Я слышу. Я все отлично слышу. Но только не звуки. Я слышу как-то по-другому.
Наверное, что-то возникло в моих глазах, потому что она улыбается. А я обрадовался вот чему. Я могу, могу сказать одно слово. И это ей не повредит. Ведь она никогда не зовет себя по имени. Она мама, сестра, тетушка, преподаватель. По телефону она называет себя по фамилии или по отчеству.
Значит, дано, дано мне еще одно, последнее слово.
Она говорит, говорит и вдруг замолкает. Я долго не опускал век.
Согласен ли я? Слышу ли я? Вижу ли ее?
Да! Да!! Да!!!
И я произношу это волшебное, последнее для меня слово:
— Валентина...
Я закрываю глаза.
Все. Теперь все.
Все...
12. ДЕКАБРЬ
Я слушаю. И шорохи вокруг, потрескивания. Это в доме, старом, как я. Старом, как мой отец, старом-престаром, как мой дед. Он стоит, хотя и покряхтывает от тяжести прожитых годов. Он-то стоит, а тех, других, кто его строил и кто в нем жил, — нет. Сколько мне лет? Этого не знает никто, разве что дом. Так ведь я для него все равно мальчишка. Люди редко живут до ста лет. Дома выдерживают. Потом их разбирают и перевозят на мичуринские участки, а там делают из них домики, небольшие, так метра три на пять вместе с верандой.
Я все лежу и слушаю. Я только что проснулся или не спал вовсе. Но кажется, что выспался, потому что легко, как когда-то в детстве. Это от старости. Дом хихикает, поскрипывает, но добродушно, ему это позволено, ему вообще все позволено. Я лежу у глухой стены против широкого окна на железной кровати под новым почти еще полушубком. Лежу и слушаю. Потрескивание и шорохи дома.
Темно. Солнце еще не всходило. Но я-то знаю, знаю... Я все равно знаю, что там дальше. Сосны под окном, прямые, замерзшие, высокие. А внизу сугробы у полузаметенного заборчика, а за ним — дорога, по которой ходит кто-то, но не я, кто-то другой. Она спускается от дома вправо с холма в небольшую ложбинку, по которой летом течет ручей, но сейчас его нет, он замерз, его замело, нет и следа от него, только ровная пелена снега, пересеченная ниткой дороги. Вдоль дороги, со стороны дома — сосны, одни сосны. Только там, где летом бежит ручей, они расступаются. Там летом трава выше головы и кусты. А дальше снова на бугор, справа сосны, слева пологий склон. Тут дорога петляет и соединяется с шоссе. Оттуда сегодня придут к нам они.
А слева от дома начинается кедрач с редкими проплешинами. Там когда-то тоже стояли дома, но теперь их нет. Их уж никогда не будет.

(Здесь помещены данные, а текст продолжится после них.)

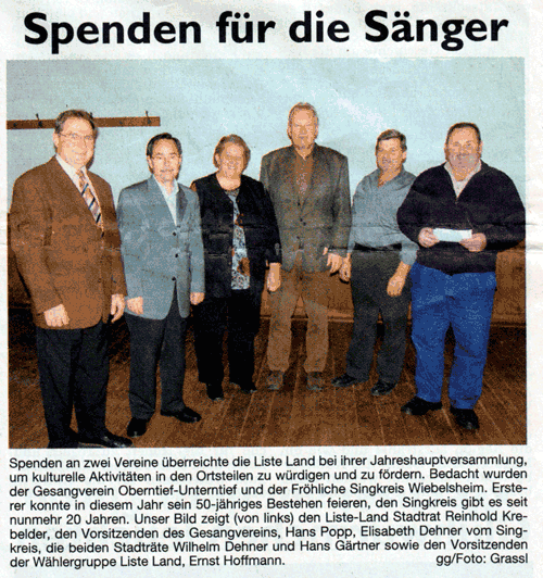 2007 Spenden für kulturelle Aktivitäten in den Ortsteilen (siehe Pressebericht rechts)
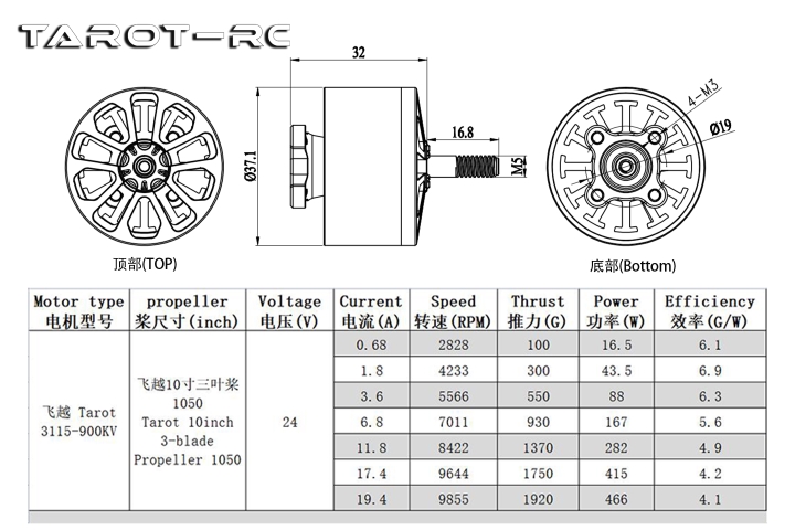 产品名称:Tarot 无刷电机/长续航高效率/FPV竞速马达/3115/900KV TL1616

Надо вставать. Ведь поздно. Скоро рассветет. А сегодня самый короткий день в году.
Встаю. Одеться мне недолго. Прижимаюсь лбом к холодному стеклу окна. Надо бы затопить печь. Все выстыло в доме. Сейчас, сейчас. Я это сделаю. Мне ведь не трудно. Вот только разомну спину. Эх-хе-хе...
Потрескивает дом, щелкает, но как-то не так, как-то уж слишком весело. Да ведь это дрова в печи горят! И уж пахнет чем-то вкусным. Ну да! Для утра и не сыскать более приятного запах, чем запах молотого кофе. Так и прошло кофе со мной через всю... А дед пил чай...
— Эй, старый!
И голос знаком.
— Проснулся? Иди на кухню. Здесь уже тепло.
— Ага, иду...
— Кофе готов!
Это ее голос.
Ну и денек сегодня. Хорош-то... с самого утра.
Я вхожу на кухню. Здесь и в самом деле тепло. Из кофейника идет пар, а на сковороде пузырится поджаренный хлеб. А уж как я его люблю.
— Умойся, старый. Борода-то еще спит.
Вот старуха. Так бы и подзудить ей меня. Часа не пропустит, чтобы не поддеть, не подковырнуть. Но не обидно. Легко и вроде бы так и надо.
— Умылся? Садись. И как только ты умудряешься есть поджаренный хлеб! Губами, что ли, кусаешь?
— Губами! — смеюсь я. — Ага! Губами. — А у меня ведь и зубов-то еще полон рот. Стальных, нержавеющих, вечных. Да и старушке моей палец в рот не клади.
Пьем кофе и смеемся. Смеемся и кусаем поджаренный хлеб. От плиты уже жар, значит, и в комнате тепло. Раскочегарила старуха печь.
— Слышишь, как дом-то разговорился?
— Слышу, — отвечаю я.
— С чего бы это?
— Так ведь сколько его не протапливали... Вот и дает теперь усадку.